- Some people feel the industry is arrogant and want to see it learn a lesson.
Me.
Marathon seems fine for the right audience. It's got a foundation that could be built upon. I respect that they ran public tests and clearly improved the game based on the feedback. But I'm struggling to see how this product is a fit for Bungie's size and budget. Many of my issues are a collation of repeated industry mistakes of blowing big money at bad ideas, Marathon is far from the worst of them, just the potential next in line of the GaaS cash bonfire.
The cost of all these billion dollar chasing projects has been jobs, the chance for cheaper and more creative games to happen, the chance for a more stable industry, a more humble industry, a chance to see genuine innovation that makes use of the hardware we have, not some dangling carrot of a future.
AAA Games industry where's your innovation?
- Battle Royale? Nope, it was a mod of a mod
- Survival Games? Nope, it was a mod
- Extraction? Nope
You fund these too big to fail projects based on historic data that take years to make and are often too late to the party when they arrive. You don't give ideas time to prove themselves, you cut staff and kill games too late or too early based on how the wind is blowing that week. You ignore gamers, you tell them they're wrong, then you prove them right as products fail, then you blame them for it. Then you repeat your mistake out of spite, hubris, whatever, showing that lessons are slow to be learned.
Gaming has never had a bigger audience that's easier to reach.

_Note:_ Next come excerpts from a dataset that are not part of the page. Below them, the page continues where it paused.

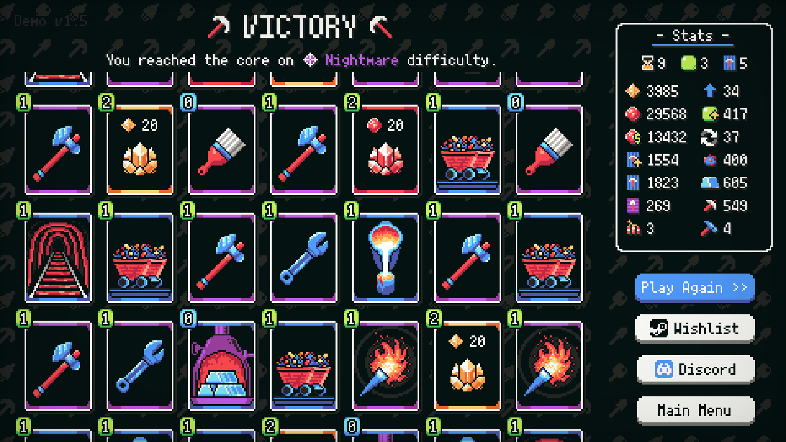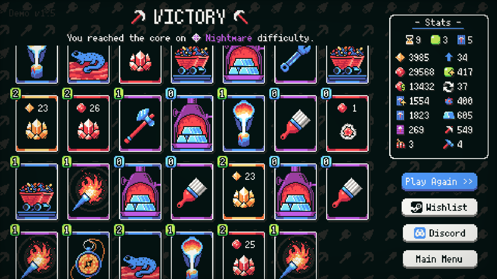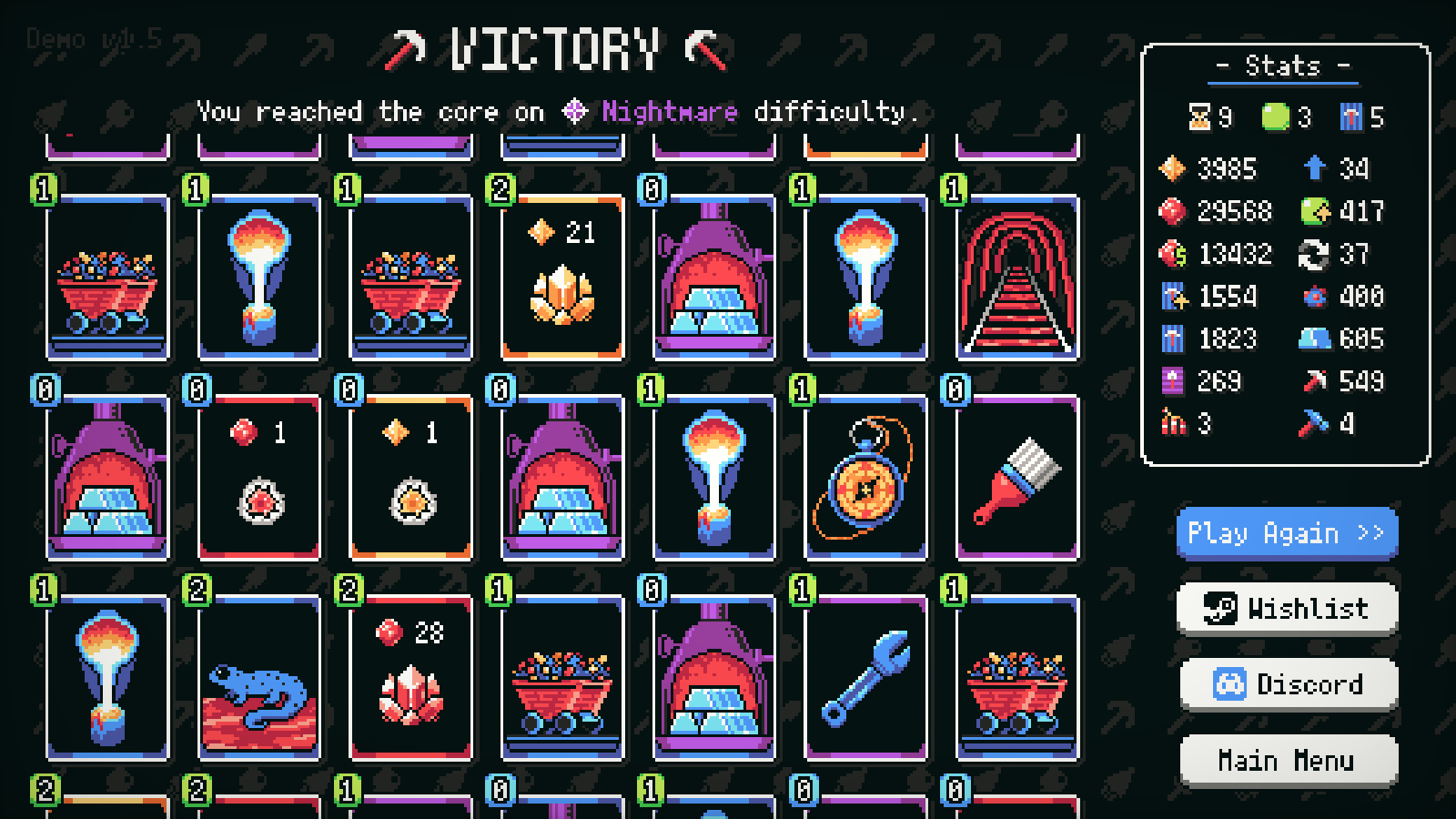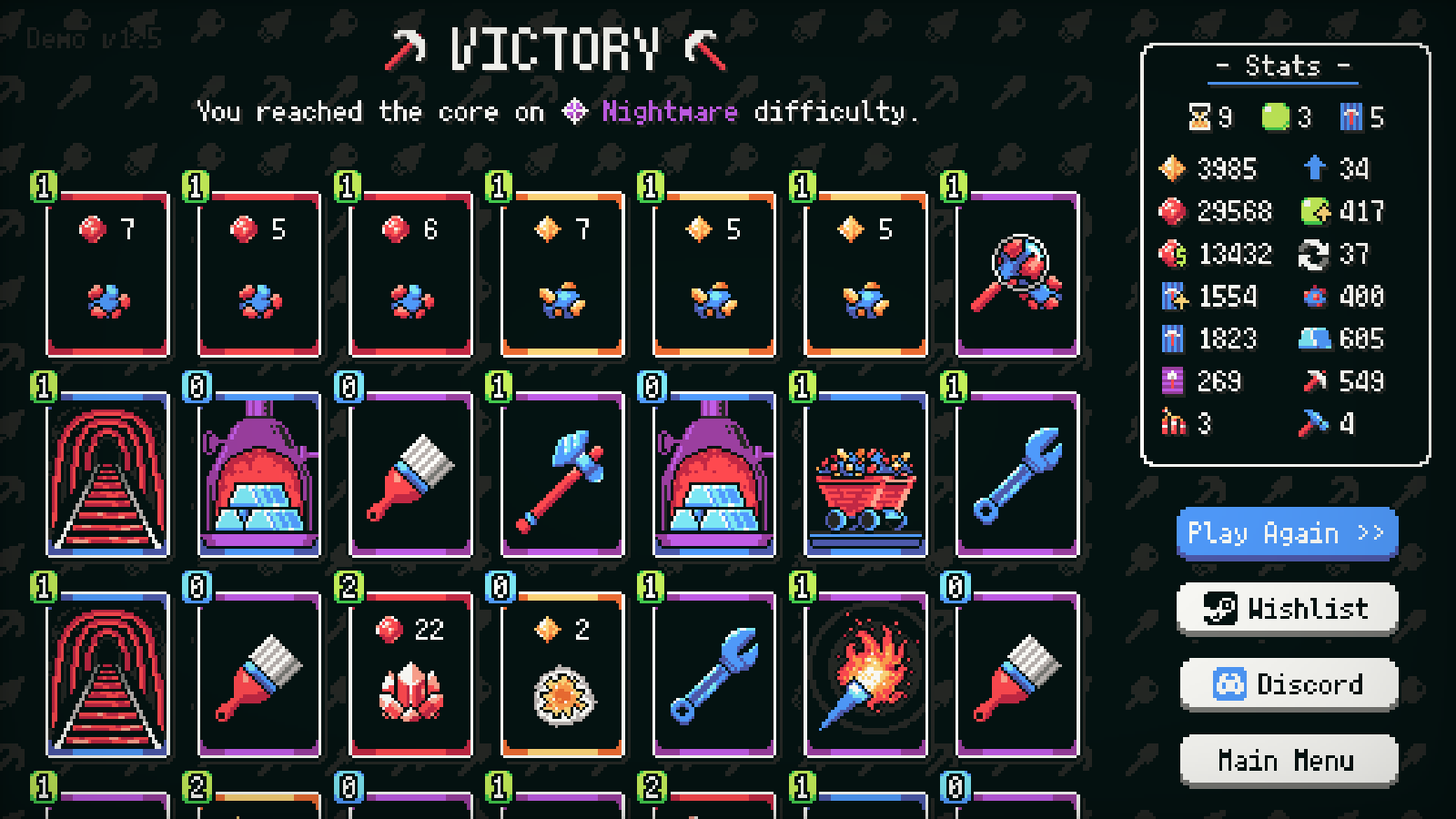 First time trying out cube, to be honest i think cube is kinda meh even though i won with it I feel like overall its kinda weak because to work it needs tool support and other ores have comparable upsides or are better ( the +1 per upgrade seams to be similar numbers while not needing tool support, score pando has ore that also kinda scales with it, kaz support is stuff you basically always want anyways meteors and geodes and draw). Drill theoretically has good synergy with it but every time you use it you arnt going to have energy to upgrade the cube and feels bad to not upgrade it and also has its on energy issues that are harder to resolve because you cant cheat it out with a tool so you basically need a super thin deck or get really lucky with the most expensive card in the game? minecart. Corkscrew in theory works well with it to but corkscrew feels to similar to prospect for me to really want to add it, and seams like it would make prospect turn into a brick knowing theres a better version in my deck
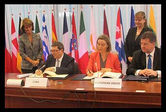 Representantes de Cuba y la Unión Europea (UE) firmaron este lunes 12 de diciembre, un Acuerdo de Diálogo Político y Cooperación, considerado el marco para el desarrollo de los vínculos sobre la base de la igualdad, la reciprocidad y el respeto mutuo. El documento fue suscrito por el ministro de Relaciones Exteriores de Cuba, Bruno Rodríguez, y la alta representante de Política Exterior de la UE, Federica Mogherini, así como por representantes de los países que integran el bloque comunitario, según PL.
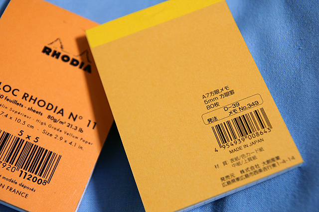 紙の厚さとカットオフ性能は本家ロディアのほうが上。万年筆での筆記に関しても、紙の厚みがあって滲みがない分ロディアのほうが有利です。
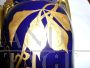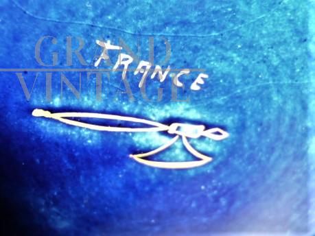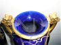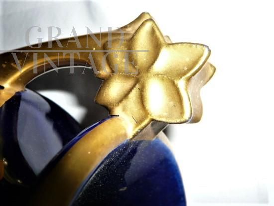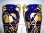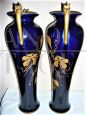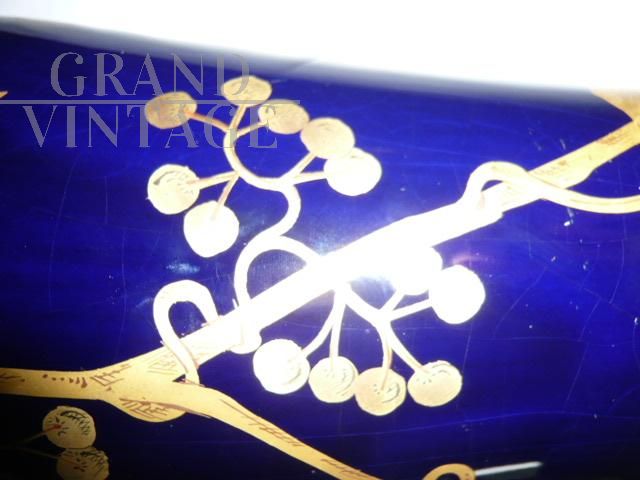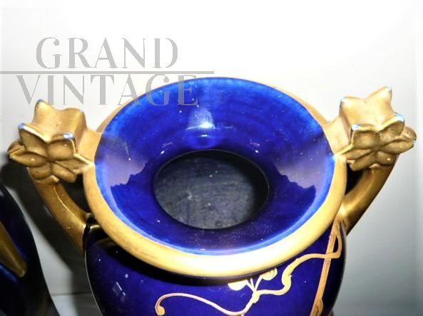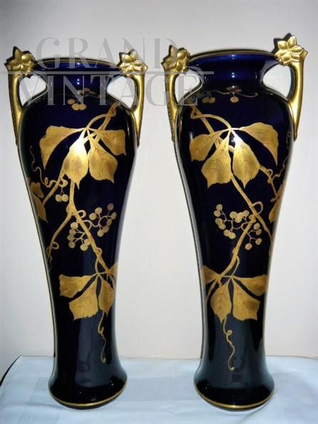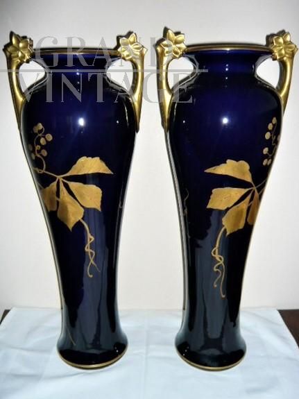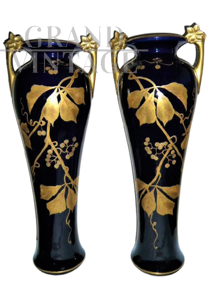 Rara e importante coppia di vasi Tours in porcellana blu con decorazioni e manici dorati, sul modello dei vasi blu di Sèvres in stile Art Nouveau, firmati con l'ascia, simbolo utilizzato dal decoratore e ceramista Gustave Asch (1856-1911) per firmare e sue opere. Manifattura di Sainte Radegonde. Decoro grafico in oro composto da foglie di castagno e castagne nel loro riccio, su fondo bleu-de-four. In perfetto stato.
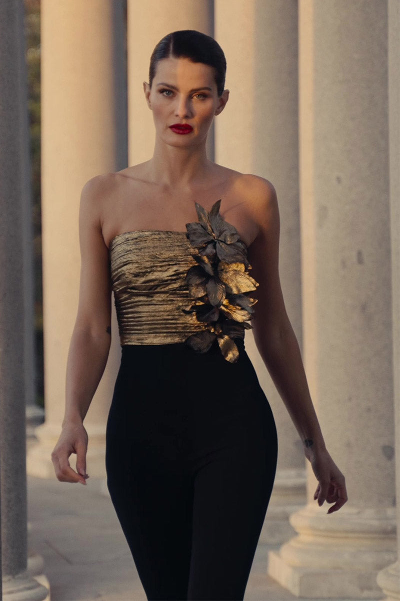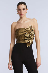 Metallic lamé strapless jumpsuit with a pleated bodice and sculpted floral appliqué. Designed with slim black legs for a sleek, elongated look. A concealed back zipper keeps the silhouette sharp—perfect for holiday parties.
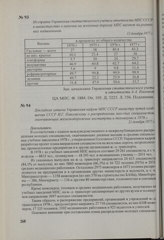 Из справки Управления статистического учета и отчетности МПС СССР в министерство о наличии на железных дорогах МПС вагонов на роликовых подшипниках. 12 декабря 1977 г. // ЦА МПС. Ф. 1884. Оп. 105. Д. 3223. Л. 356. Подлинник.
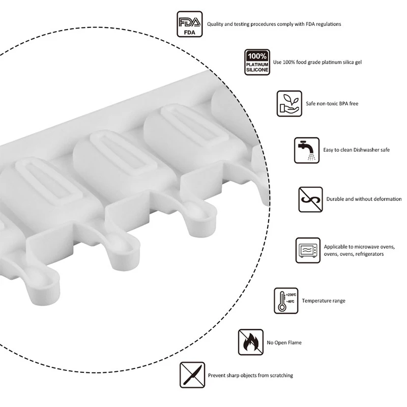 Oven,refrigerator,freezer,microwave,steamer,Ice-Cream Silicone Molds,Ice cream mold/Silicone Mold,Ice Cream Bar Mold,silicone popsicle mold,for kitchen,silicone mold,silicone molds,Hight quality safe non-stick food grade silicone,Flexible and non-stick,Ice Mold,Silicone forms
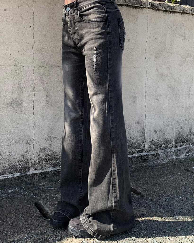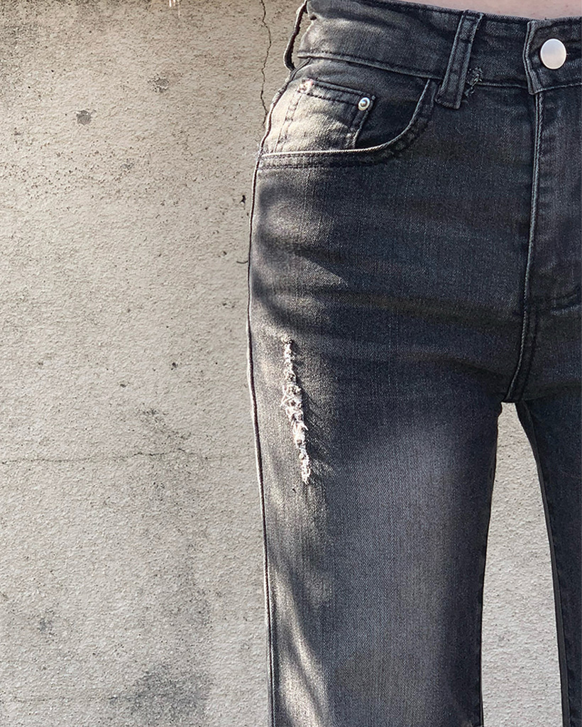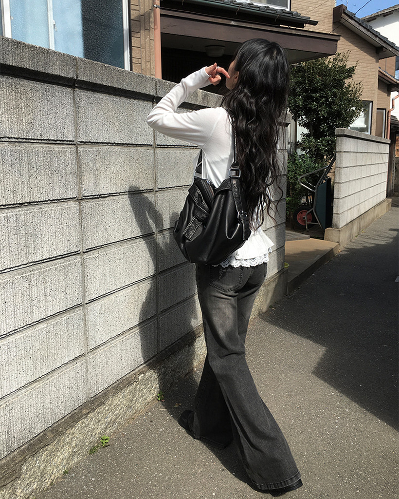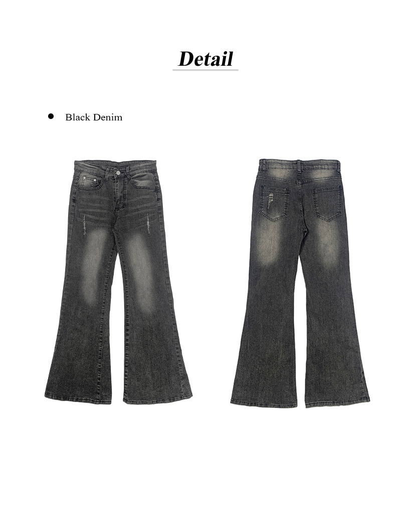 [A/M][着やせフィット] ブラックデニムウォッシングブーツカットパンツ
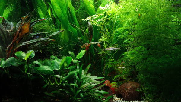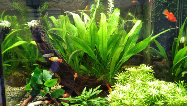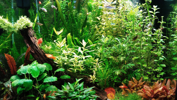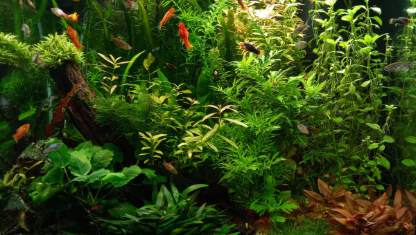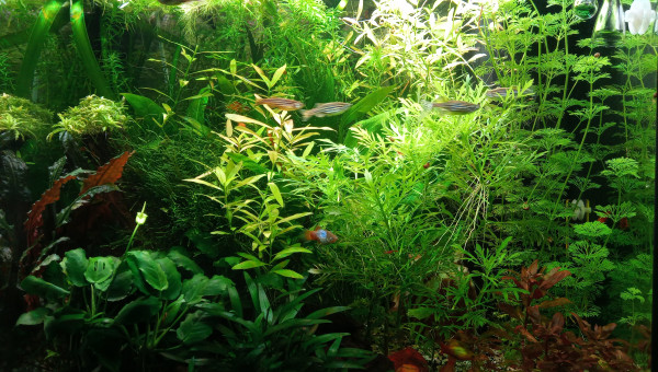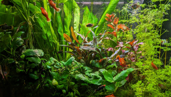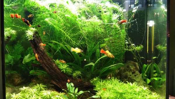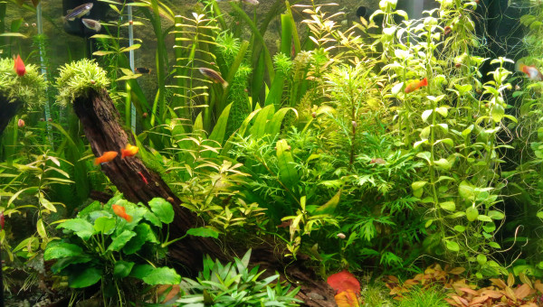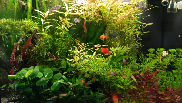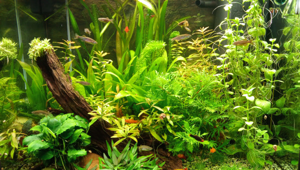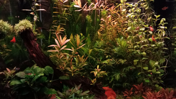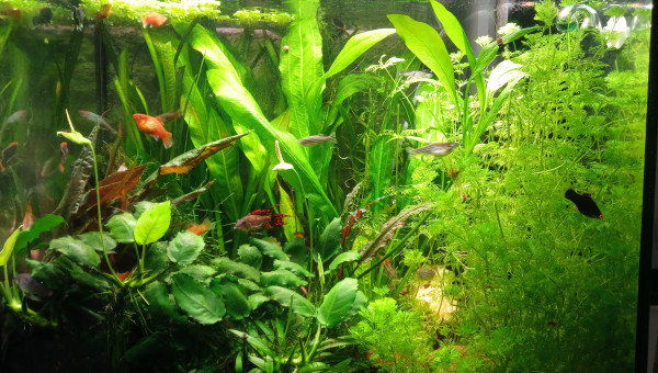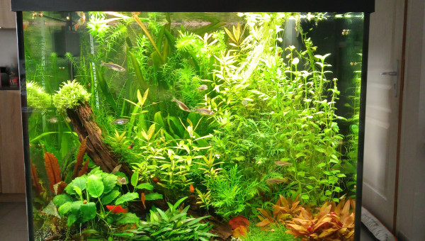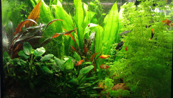 Bac communautaire de 120 L : style jungle / full eau de conduite / Platys, RC déclassées, escargots.

We should have our bellies full of goodness from a mature and well learned industry who's learned from past mistakes as to not repeat them. Games should be built for their audience and not some unobtainable number.
Marathon is a sweaty game. It should embrace that. Polish the edges to make sure that it finds everyone it should. Make those gamers happy. Be happy with the numbers it earned. Be not for everyone, let other games make other people happy.